Conventional Unicorn lists show 30-35 names in India, but Credit Suisse’s research report reveals that the nation has 100 unicorn companies with a combined market capitalisation of $240 billion.
About two-thirds of these unicorns, companies with a valuation of over $1 billion, have been established after 2005 due to an influx of favourable infrastructure, funding, and regulations.
“An unprecedented pace of new-company formation and innovation in a variety of sectors has meant a surge in the number of highly valued, as yet unlisted companies,” the report said.
The report titled ‘100 Unicorns: India’s changing corporate landscape’ claims to have covered companies beyond the normal technology or technology-enabled sectors. It also includes unicorns in non-banking finance, biotech, pharma and consumer goods companies. It even studied infrastructure companies like new ports or renewable energy companies.
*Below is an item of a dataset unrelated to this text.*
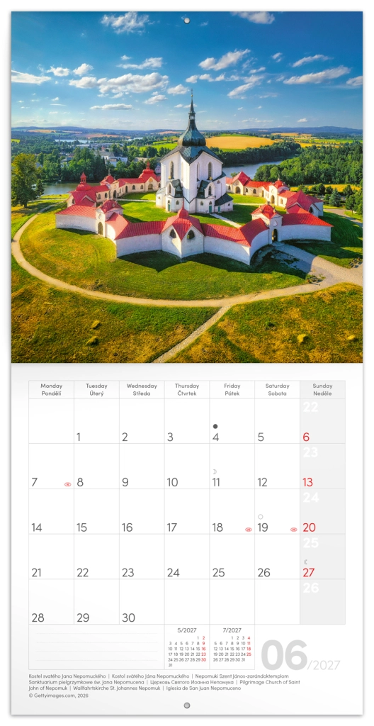 Objevte kouzlo českých měst, památek a přírodních scenérií každý měsíc s poznámkovým kalendářem pro rok 2027. Kompaktní rozměr 20 × 20 cm šetří místo na stěně i na pracovním stole a zároveň poskytuje dost prostoru pro každodenní zápisky. Kvalitní papír a ostrý tisk zvýrazní barvy i detaily fotografií.
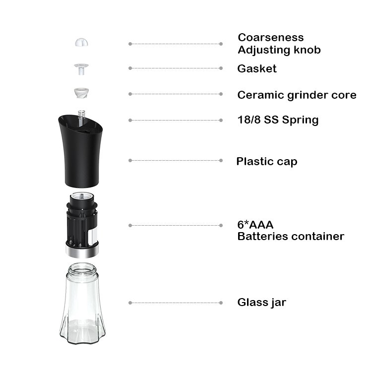 battery operated electric adjustable pepper grinder set with 2 storage jars

Some of the unicorns featuring in the list include Wonder Cement, Manipal Hospitals, Joyalukkas, Kurl-On, Serum Institute of India, Piramal Glass and PolicyBazaar Insurance.
The reasons for an explosion of unicorns in India, according to the report, are inflow of funding, expansion of the internet, penetration of mobile phones and highly-skilled human resources.
The highest growth and capita is expectedly in the booming FinTech companies and education technology companies like Byju’s that grew exponentially during the Covid-19 lockdown.
The report highlighted non-conventional sectors like software-as-a-service (SaaS), gaming and logistics, where growth has been registered. “These are only at the top of a fast-growing pyramid of 80,000 startups in India, which are incrementally now nearly 10% of new companies formed every year; the number of firms is up 70% in 8 years,” the report said.
Most of these startups are concentrated in tier-I cities like Bengaluru, Mumbai, Delhi, the National Capital Region (NCR), Hyderabad, Pune and Chennai.